How does the presence of MDA-PA or CH affect survival outcomes in MM? How does a higher VAF in nonplasmacytic or nonlymphoid hematopoietic cells negatively impact MM patients’ survival as seen in MDS-PA patients? VAF are the result of cell-intrinsic fitness advantages or cell-extrinsic (such as immune or environmental) factors or less likely a mere random effect. Cell fitness is clearly tissue dependent, and therefore, cell-extrinsic mechanisms are considered critical. Independently of the cell-intrinsic parameters, fitness of marrow cell residents also changes over time and could be influenced by changes in the bone marrow niches driven by aging, chemotherapy, immune surveillance, and inflammation.7,8  Recent studies show that both gene identity and VAF are predictive of progression to AML.9  In addition, by building a stochastic branching model of hematopoietic stem cell dynamics, Watson et al have recently demonstrated that CH is driven by factors like genetic drift, differences in mutation rate, and cell-intrinsic fitness that become increasable detectable with age.10  As such, in MM, only studies that longitudinally track individuals over time could distinguish between these scenarios and represent an important area of future work. Along the lines of cell-extrinsic factors, in the current study of CH in MM, Maia et al provide evidence that extrinsic deregulation of immune surveillance with reduced frequency of naive γδ T cells and expansion of CCR7 negative regulatory T cells may be a factor in MM/MDS-PA.

Therefore, is it logical to postulate that immune dysfunction with the ensuing loss of immune surveillance is the driver behind the expansion of CH (higher VAF) as well as the worse survival outcomes in MDS-PA MM? Regarding the causal relationship between MDS-PA, CH, and outcome parameters, the authors report that the presence of MDS-PA at diagnosis anticipated greater risk of developing hematological toxicity during treatment and was independently associated with inferior progression-free and overall survival.
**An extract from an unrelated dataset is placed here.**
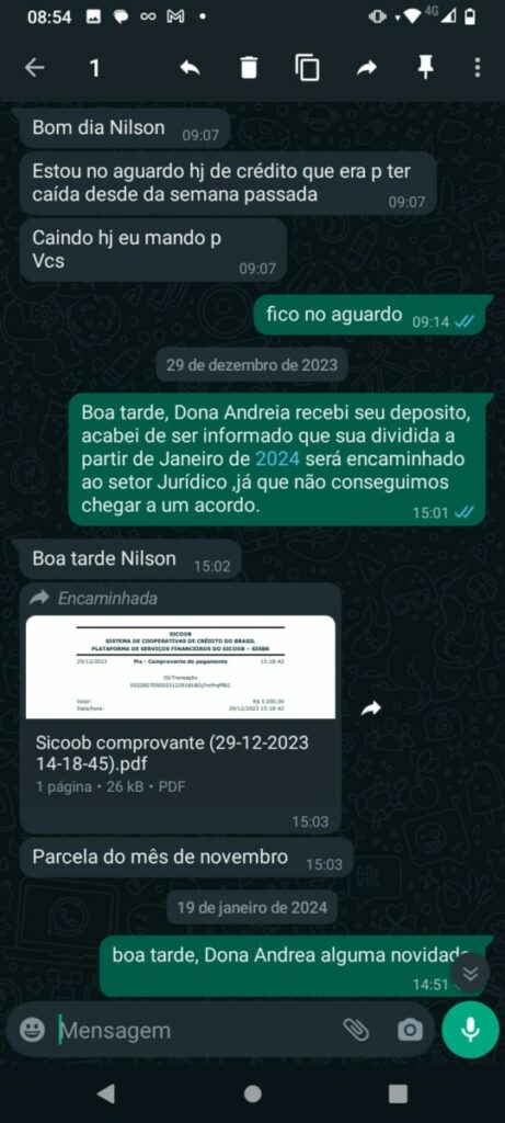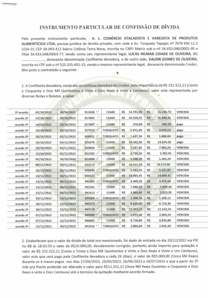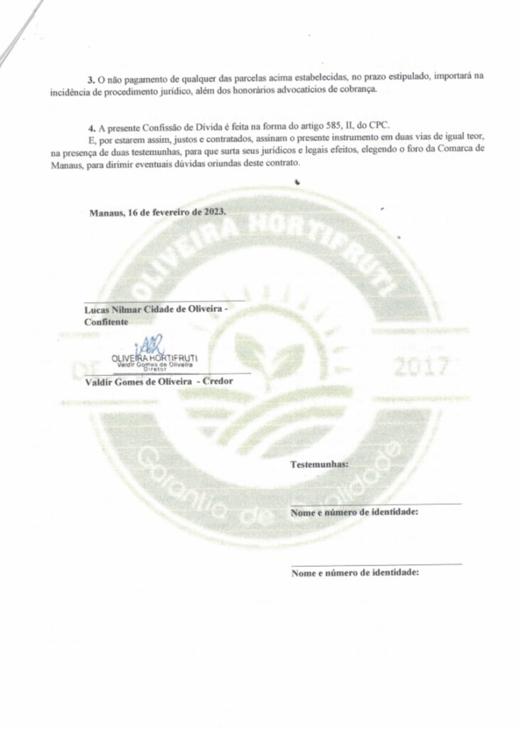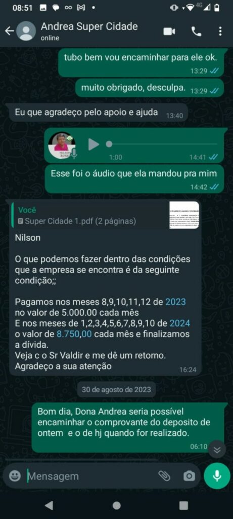 A proposta de pagamento, detalhada por Nilson, sugere um acordo para liquidar a dívida em parcelas mensais. No entanto, o empresário não cumpriu com a sua parte, deixando o feirante com a situação financeira totalmente comprometido.

Intriguingly, however, and despite their association with the risk of development of secondary malignancies (including MDS), they also reported that the use of immunomodulators (IMID)-based maintenance therapy abrogated the negative impact of MDS-PA on MM patients’ survival. The well-recognized immune activating effects of IMIDs may indeed explain this apparent controversial finding and warrant further development of targeted immune-based approaches early in the disease course.
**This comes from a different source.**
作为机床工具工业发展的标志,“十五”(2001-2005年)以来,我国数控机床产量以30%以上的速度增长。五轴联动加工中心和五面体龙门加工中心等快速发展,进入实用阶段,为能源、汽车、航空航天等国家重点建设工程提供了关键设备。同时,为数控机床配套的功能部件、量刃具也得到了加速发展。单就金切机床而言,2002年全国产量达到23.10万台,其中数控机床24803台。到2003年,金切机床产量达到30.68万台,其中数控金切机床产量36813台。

Lastly, using immunophenotypic (MFC) and NGS profiling in a small cohort of MM patients, the authors suggest that MDS-PA and associated clonal hematopoietic mutations are mostly present at diagnosis and very infrequently emerge after high-dose therapy and stem cell rescue. As alkylating agents–induced mutational signature is clearly documented in MM, it is imperative to confirm these findings in a larger cohort of patients with prolonged longitudinal follow-up. In addition, although MFC could be used as a screening method to identify MDS-PA in MM patients, novel sequencing technologies (such as single-cell genomics coupled with feature barcoding) of the MM clone and its bone marrow niche will allow a better detection of CH, VAFs, and their interplay with the innate and adaptive immunity and delineate its impact on clonal fitness and evolutionary dynamics. Such deep understanding will finally lead us to unveil whether CH or its associated immune unfitness is at the root of all maladies!

Conflict-of-interest disclosure: The author declares no competing financial interests.